23rd June 2014
Writing: Ian Fan (Year 10)
This week saw a team of Year 10s - James O’Brien, Matthew Wood and myself - going into London for the Apps for Good final, the final outcome of a competition we had been working to compete in during our IT lessons. We had been tasked with developing an idea for an app, to pitch to a panel of 'Dragons'. Much more interesting than learning Excel!
In the morning, we visited SapientNitro for an awards accelerator. They’re a marketing agency, and they gave us a glimpse of how they worked, including some expert advice about our upcoming presentation. They also gave us free ice-cream.

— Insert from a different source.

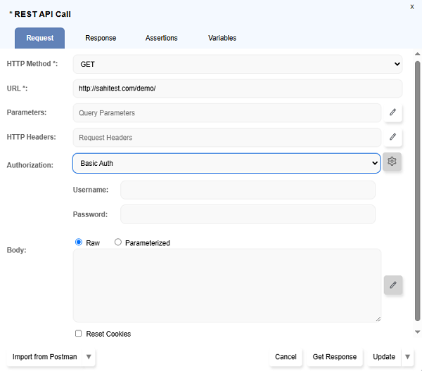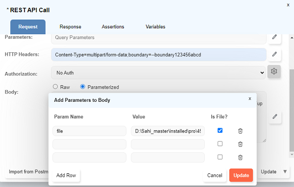 Parameterizedradio button forBodyfield and specify the file path or any other body parameters if required. - Click on the
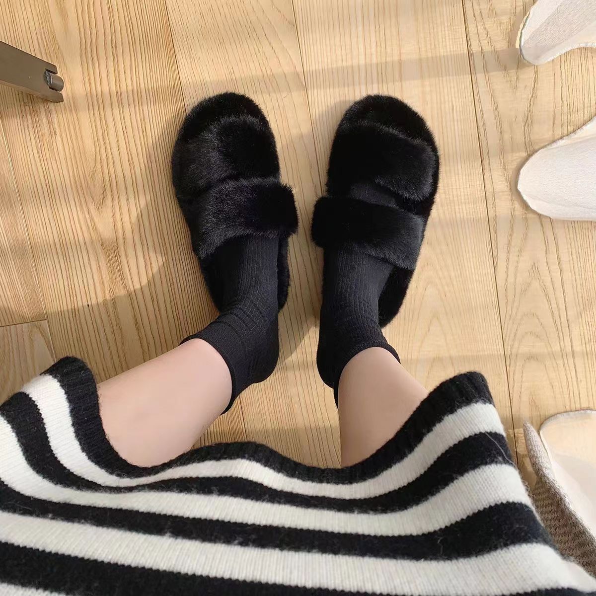 • 얇은 [흰색] 평행 모피 신발

Rock on, guys.
After lunch, we headed over to the Barbican for the real thing. There was a short welcome, and then we went to presented our pitches to a panel of judges. It was a generally enjoyable day, but boy was it nerve-wracking. It’s something practising a presentation in the comfort of your own home, but when facing a panel of people who have worked in the industry longer than you have been alive, it suddenly becomes very intense. We gave our best performance: a fantastic presentation, that lasted an incredible 25 minutes, answering every question that was thrown at us. We then went on to network for an hour: 250 industry leaders looked at the projects of the various teams competing. We presented around an easel, and repeated ourselves until our throats were absolutely parched!
Our category, Productivity, contained some very strong competition, and I must admit I was rather nervous as all three groups stepped up. The Chief Operating Officer of SAP then came onto the stage and talked about his and his company’s involvement in Apps for Good. He went on to introduce our group as 'fantastic sales people' and said, 'When these boys leave school, I want them to come and work for me, and if they don’t want to work for me, then I’ll go and work for them!'
Alas, despite this glowing commendation another team eventually won the day, though we took solace in being told that a reason for not choosing our team was because our app was too ambitious for the App for Good’s team of developers and the timescale & budget they had available. However we've learnt a lot through this process and had a great time - we're certainly keen to continue with this work, so there may be hope yet for our app!